= David Yalof =

American academic

David Alistair Yalof is a political scientist and university administrator. He is currently the Senior Vice Provost for Academic Affairs and Professor of Government at William & Mary. He formerly served as professor and department head of the political science department at the University of Connecticut, where he specialized in constitutional law, judicial politics and executive branch politics. His books include Pursuit of Justices (1999), which NBC News called "the definitive book on post-World War II Supreme Court nominees".

==Books==
- 1999: Pursuit of Justices: Presidential Politics and the Selection of Supreme Court Nominees, (Chicago: University of Chicago Press, 1999) (ISBN 0-226-94545-6).
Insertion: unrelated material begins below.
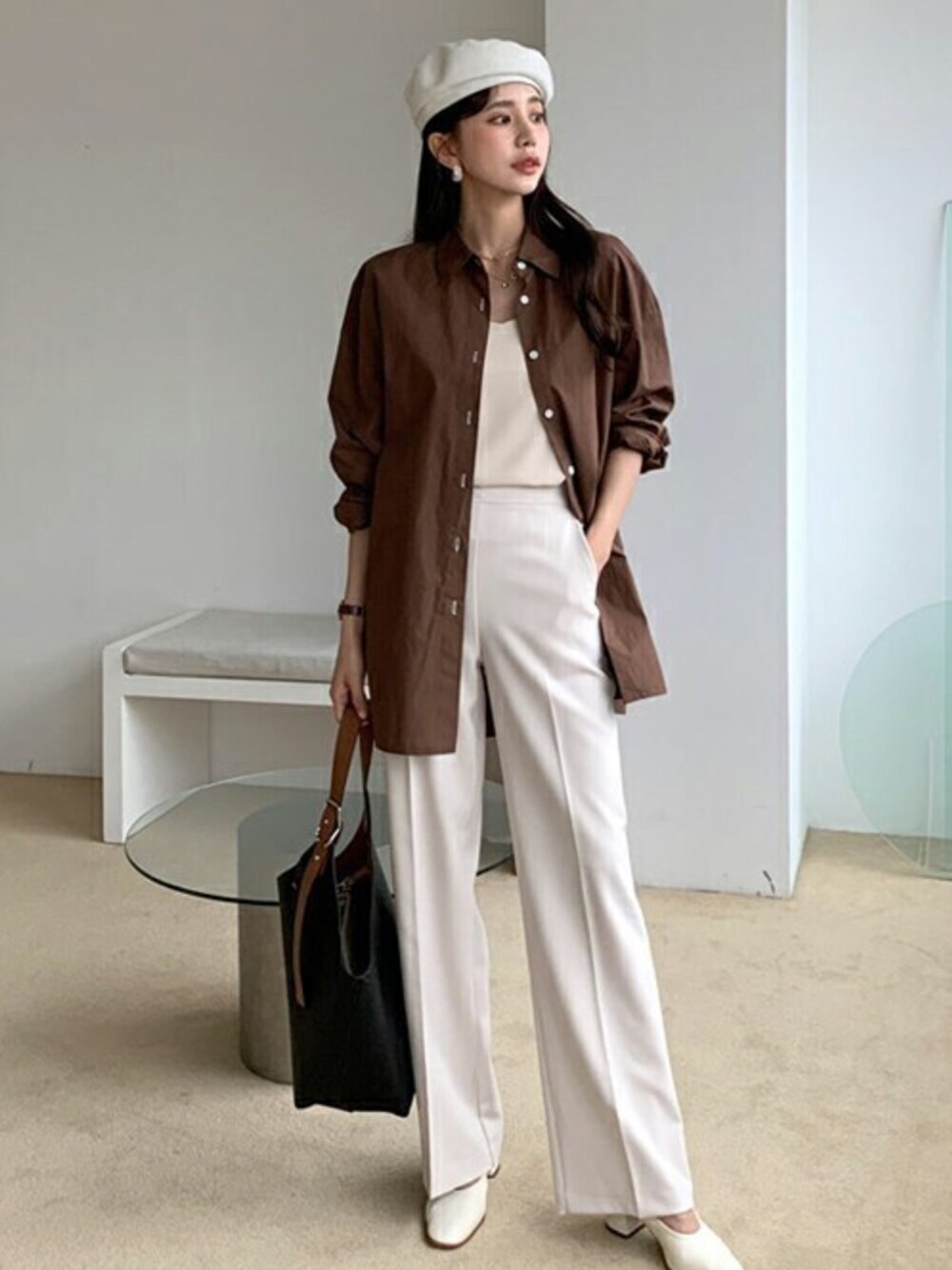 ホワイトコーデにはブラウンのシャツで コーデにメリハリを!小物に柄物を合わせてもGOOD ❤DHOLIC公式SNSアカウント❤ Instagram >>> @dholic_official twitter >>> @D_HOLICJP LINE >>> @dholic

The book was the winner of the APSA's Richard E. Neustadt Prize for the Best Book on the Presidency published in 1999.
- 2002: The First Amendment and the Media in the Court of Public Opinion with Kenneth Dautrich (Cambridge: Cambridge University Press, 2002) (ISBN 0-521-01181-7)
- 2007: Constitutional Law: Civil Liberty and Individual Rights, 6th Edition with William Cohen and David Danelski (St. Paul, Minn.: West, 2007) (ISBN 978-1-59941-170-5)
- 2008: The Future of the First Amendment: The Digital Media, Civic Education and Free Expression Rights in America's High Schools with Kenneth Dautrich and Mark Hugo Lopez (Rowman & Littlefield, 2008) (ISBN 0-742-56282-4)
- 2012: Prosecution Among Friends: Presidents, Attorneys General, and Executive Branch Wrongdoing (College Station, Tex.: Texas A&M University Press, 2012).
- 2017: Enduring Democracy: An Introduction to American Government with Kenneth Dautrich and Christina Bejarano (Belmont, Cal.: Cengage, 2008, 2009, 2011, 2013, 2015, 2017) (ISBN 978-1-285-85304-8)
- 2023: George Washington and the Two-Term Precedent (Lawrence, KS: University Press of Kansas, 2023)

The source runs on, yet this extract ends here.